Asa Butterfield is talking about one of those “close, but not close enough” moments actors don’t forget. For Sam Mendes’ upcoming big-screen Beatles project, he says he was at one point in the running to play George Harrison.

The former Education star told an interview published in The Times on Wednesday that he actually auditioned for the role—an audition that, in his words, was something he really wanted. But it didn’t land. The part eventually went to Stranger Things actor Joseph Quinn, and Asa’s reaction isn’t dramatic. It’s more… practical, like he’s already moved on and is just trying to explain how it happened.

What stood out most is how he frames the disappointment. “There are roles that you really, really want.

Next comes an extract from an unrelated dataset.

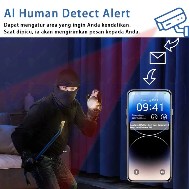 CAMERA CCTV 1 SET V380 PRO KAMERA PENGELIHATAN MALAM PENUH WARNA OUTDOOR TAHAN AIR IP65 ALARM PINTAR

But I find something else comes up and you do another job which you wouldn’t have been able to do,” he said. In other words: the rejection doesn’t just sting, it redirects. And if you’ve ever sat in a quiet casting room long enough to hear your own breathing, you know that feeling—waiting while your future quietly gets decided elsewhere.

This isn’t even the first time he’s shared a near-miss. Back in 2020, he confirmed to Collider that at one point he’d been in contention to play Spider-Man, before Marvel gave the role to Tom Holland. He described how “every so often” there’s a part you pour your heart into—then you don’t get it. Still, he added that he often finds something even better comes out of it later.

He also sounded like he’s learned to treat it as part of the job, not a personal verdict. “There’s only so much you can do,” he said, pointing out that everyone has a different take on a character. If your approach doesn’t line up with what the director and producers want, he suggests, there’s basically nothing you can do. That’s out of your hands—something he says he’s learned and tries to use to get over it.

And the Spider-Man situation, in his telling, even reinforces the point. He’s made it clear he thinks Tom did amazing things with Peter and had a completely different portrayal—something that fit so well it feels like it “worked” in the end. Maybe Asa could’ve done it. Maybe not. But he leans on the idea that the “right” outcome sometimes happens because you didn’t take the path you expected.

Even more, the Beatles disappointment connects back to a theme in his more recent work. One of Asa’s latest projects, the play Second Best, has him portraying a former child actor who lost out on the role of Harry Potter after getting down to the final two in the auditioning process. So he’s not just talking about auditions in the abstract. He’s repeatedly lived around the edges of this kind of heartbreak—and now he’s turning it into something audiences can actually watch, even if they don’t feel every pause he had to endure.